Göttingen. Durchschnittlich lag 2015 die Nettokaltmiete für den Quadratmeter bei 9,32 Euro. Die höchsten Mieten werden in der Nordstadt verlangt: 12,05 Euro kostet dort der Quadratmeter. In Weende lag die Durchschnittsmiete bei 10,02 Euro.
„Hohe Mieten werden damit nach wie vor insbesondere in Stadtteilen mit einem hohen Anteil an Studierenden erzielt“, sagte Mießner. Der hohe Studierendenanteil mache Göttingen für Investoren interessant. Durch die Studierenden gebe es durch häufige Umzüge eine hohe Fluktuationsrate. Bei jedem neuen Einzug könnten Vermieter ganz einfach die Miete erhöhen, argumentierte Mießner am Montag bei einem Vortrag im besetzten, ehemaligen DGB-Haus. Staffelmietverträge oder Sanierungen seien andere Mittel der Vermieter, die Wohnungsmieten zu erhöhen.

 
Mießner und sein Team hatten in Juni und Juli die Daten für die Untersuchung erhoben. Danach zogen 2015 vor allem die Mieten in Grone und Geismar mit einem Plus von zwölf beziehungsweise sechs Prozent „überdurchschnittlich stark“ an. In Weende stieg die Durchschnittsmiete um drei Prozent. In diesen drei Stadtteilen sei seit 2013 die höchste Steigerung zu verzeichnen, sagte Mießner. Er erwartet vor allem für Grone weitere Mietsteigerungen. Hier sei der durchschnittliche Mietpreis mit 7,50 Euro im gesamtstädtischen Vergleich immer noch unterdurchschnittlich.

 
In den vergangenen Jahren seien überregionale Investoren in Göttingen aktiv geworden, die Finanzmarktkapital auf den Wohnungsmarkt leiteten. Mießner nannte hier etwa die Westgrund aus Berlin oder die Investa aus München.

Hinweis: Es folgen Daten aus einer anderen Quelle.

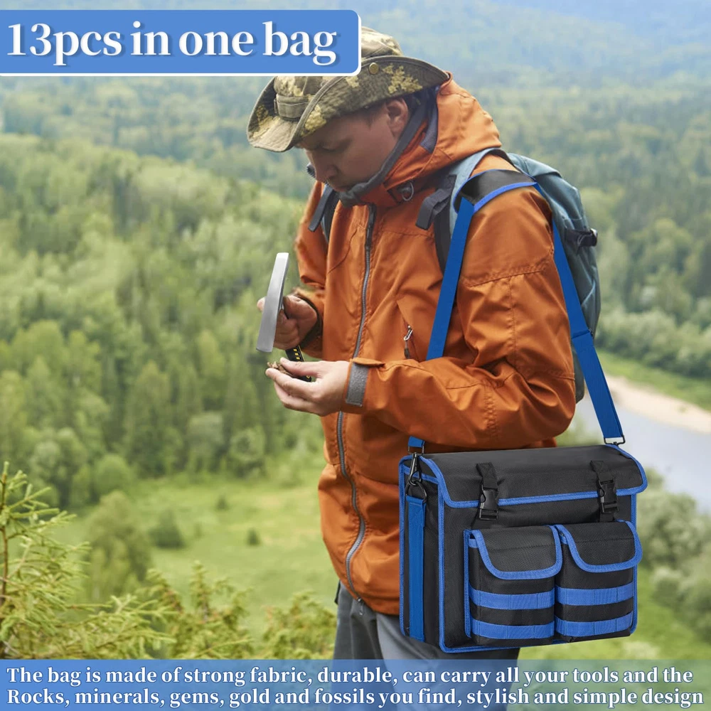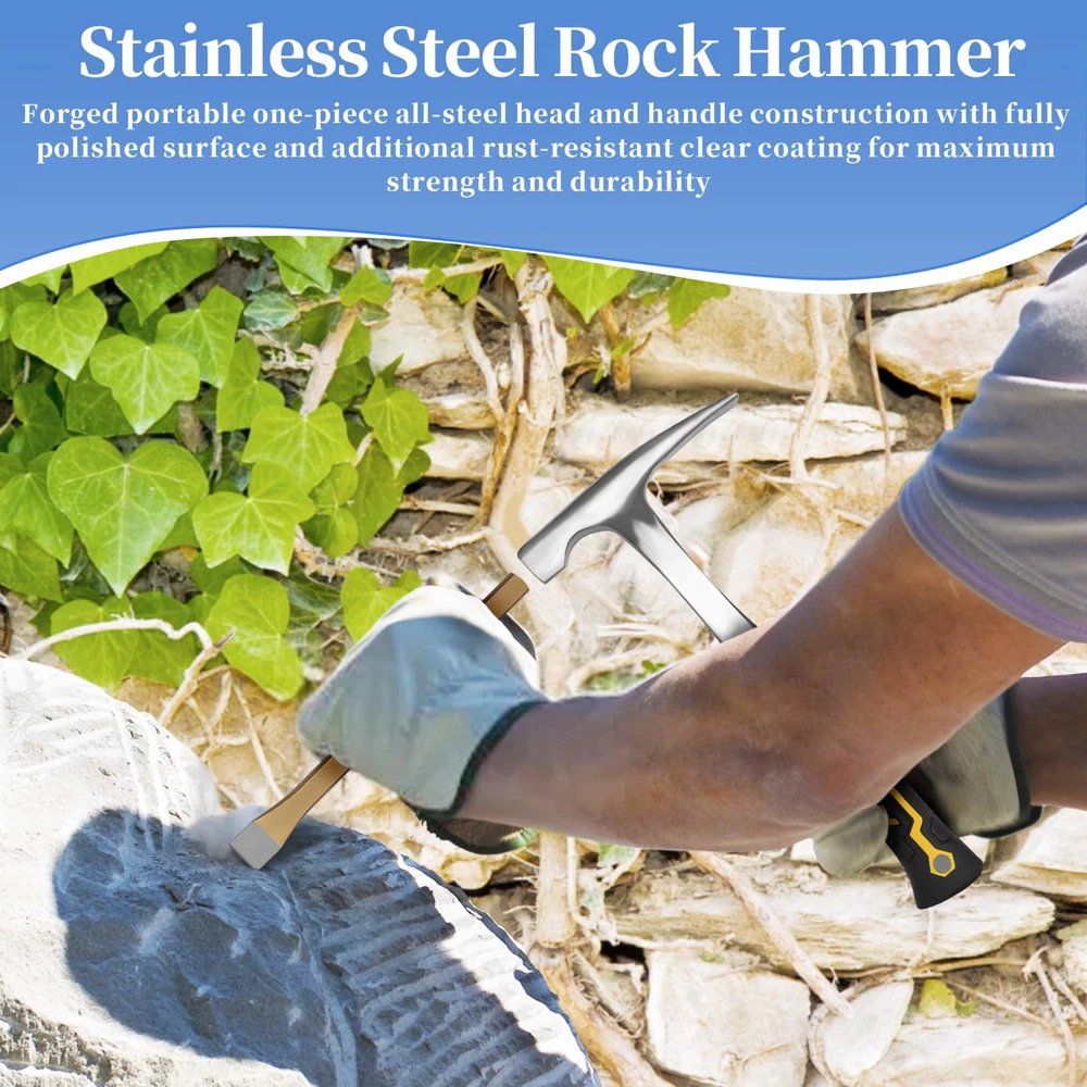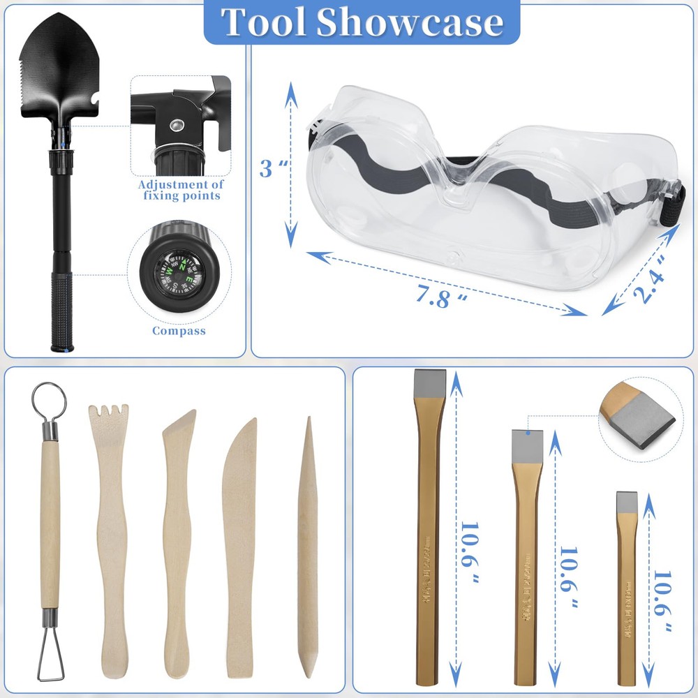 【Sturdy and Durable Storage Bag】Sturdy and durable storage bag with multiple storage pockets and snap-on design to keep your tools protected and quickly accessible. Carry all your tools and the rocks, minerals, gems, gold and fossils you find neatly and easily 【Rock Kit Tools Included】rock kit comes with a large canvas bag, rock hammer, 6-piece chisel set, anti-fog safety goggles, jewelry magnifier, small wooden brush, compass, whistle, multi-purpose shovel, 1 pair of gloves, 5-piece wooden pottery knife set 【Chisel Set】Our chisels are 5.9inches, 7.8 inches, 9.8 inches in length to meet various needs. They are made of high-strength forged steel and are good at chiseling bricks, concrete, metal and stone, allowing you to use them easily in exploring various geological formations 【Rock Tool Kit】For holidays, you can take your children to play outdoors. If you are not satisfied with our geological rock pick hammer kit tools, we are more than happy to solve it for you. Let you order with 0 risk 【Geological Tools to Inspire Interest】Provide budding rock enthusiasts with the right tools to inspire their passion for exploration. This kit is convenient and brings together all the basic tools

„In Göttingen gibt es quasi keinen Leerstand. Dieser liegt unter einem Prozent“, sagte Mießner. Damit werde bezahlbarer, insbesondere für sozial benachteiligte Gruppe erschwinglicher Wohnraum immer knapper. Auch hätten Sozialhilfeempfänger kaum eine Chance, sich auf dem Wohnungsmarkt durchzusetzen. Sie würden in „extrem kleine“ Wohnungen mit überhöhten Preisen in den Westen der Stadt gedrängt. „Dennoch könnten in diesen Wohnungen Mietpreise von zum Teil 12,50 Euro pro Quadratmeter erzielt werden.“ Indem das Sozialamt diese Mieten bezahle, subventioniere der Staat die Vermieter, sagte Mießner. Diese Art der Verdrängung habe durch die vielen Geflüchtenen in der Stadt zugenommen.